With all due respect you don't have to lecture me on such basic matter. I did learn computer architecture from a professor, as well as digital design, embedded systems design, etc.
> The problem here is that CS people are incredibly imprecise and haphazard about terminology (in
> comparison to mathematics). SRAMs and RFs have ports. The definition there is fairly precise.
It helps to discern between hardware designers and software developers, instead of lumping them together as being "CS people", even though some are both. To a software developer, even a low-level compiler engineer, a cache is mostly a concept and has a broad meaning. You can even have a software cache. For low-level software developers it's important how many memory operands you can have per cycle, but it's of practically no importance how that's achieved in hardware. Bank conflicts should be rare enough for a software developer not to have to care about them. To a hardware designer a cache isn't just a concept it's a physical thing and if it's a banked design which can have a bank conflict that's of huge importance. Also, things evolve fast enough that the norm for a multi-ported cache implementation varies every few years. But it's still multi-ported by concept.
So I really don't think the problem is "CS people" being very imprecise about terminology. There's just different contexts, and it appears you're confusing a specific implementation for defining the meaning of certain terms. For what it's worth, Stanford professors consider multi-banking also as a method to implement a multi-ported cache: http://www.stanford.edu/class/ee282/handouts/lect.04.caches2.pdf
> I avoid using the same terminology on caches, or when I do, I try to make
> sure that I am precise (although I'm not successful all the time).
>
> What is a 'dual ported cache'?
>
> Is it a cache comprising a dual-ported tag and data array? That is the most common usage because
> most architects are thinking about circuits a fair bit. In fact, if you ask Intel's architects
> whether the caches are multi-ported, they will tell you 'no, they are multibanked'.
>
> Is it a cache that has two access 'ports'? Well maybe, but what are those 'ports' capable of? How do
> I know whether they are 2 R/W, R+W, 2R, or 2W? How do I know what the address constraints are? E.g.,
> is the underlying data array banked, while the tags are dual ported? What about the controller logic?
>
> There's a lot of confusing terminology here and it pays to be precise.
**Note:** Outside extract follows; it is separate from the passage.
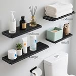 **Three different size Floating Shelves for All** : Large: 16.5 × 5.5 × 4.6 inches; Medium: 14.2 × 5.5 × 4.6 inches; Small: 11.4 × 5.5 × 4.6 inches. These floating shelves are wider and sturdier than others to safely hold collectibles, photos, small plants and showcase favorite dishes or build your own coffee bar. Easy to assemble with all necessary hardware included consistent with the instruction steps.

I'm afraid the confusion is all yours. Read ports are well defined and even if you lacked the terminology I think I've made myself perfectly clear from the start that the L1 cache may not require two reads per cycle to feed two vector units with (unique) data. The existence of an L0 cache with two read ports would potentially explain why the Intel compiler reads operands from memory again despite having the data in a register and despite L1 accesses consuming considerable power. And again, I'm not claiming KNL's to have such an L0 cache. I'm merely observing that in your article you're taking a leap by saying KNL must have two load pipelines (which you've clarified to mean two L1 load ports, not something like an L0 cache to service recently loaded data), which you've concluded solely from x86 being a load-op ISA. There are viable alternatives, of which I'm suggesting just one.
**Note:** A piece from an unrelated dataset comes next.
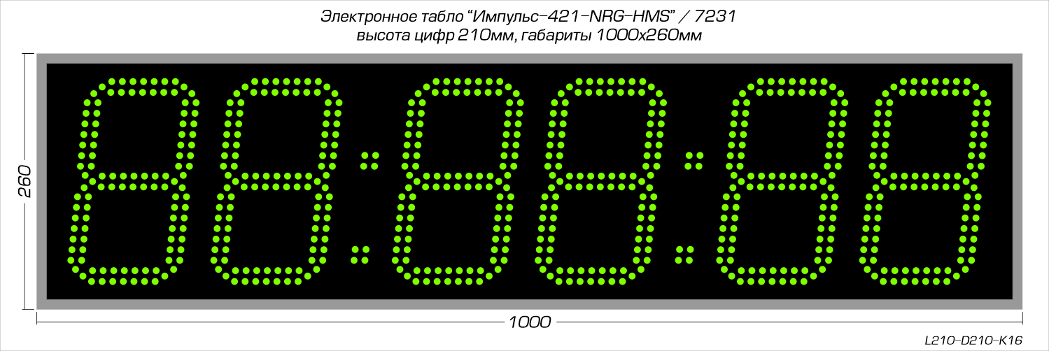 | Количество знаков, их высота | 6 разрядов, 210 мм |

> > > > Anyway, a multi-ported multi-banked L1 cache is a reasonable possibility. I just don't see why it "must" be
> > > > the only possibility, especially with x86 being a load-op
> > > > architecture as the only explanation in >your article.
> > >
> > > > Given that 1 byte/FLOP would suffice and that the code generated
> > > > by ICC has a lot of duplicate >memory accesses,
> > > > it also seems reasonable to me that there's a single-ported L1 cache and a dual-ported L0 cache.
> > >
> > > First, 1B/FLOP isn't sufficient. Look at KNC, it can source 1x64B operand from memory
> > > and 2 from registers while performing 8 FMAs. That's 8B for 2 operations or 4B/FLOP.
> >
> > I was talking about single-precision FLOPS. And it's obvious that KNC had 2 bytes/SPFLOP since providing
> > any less would have required cutting that bus in half and sequencing things, which adds more complexity
> > overall.
>
> It turns to be the same thing, which is half an operand per FLOP.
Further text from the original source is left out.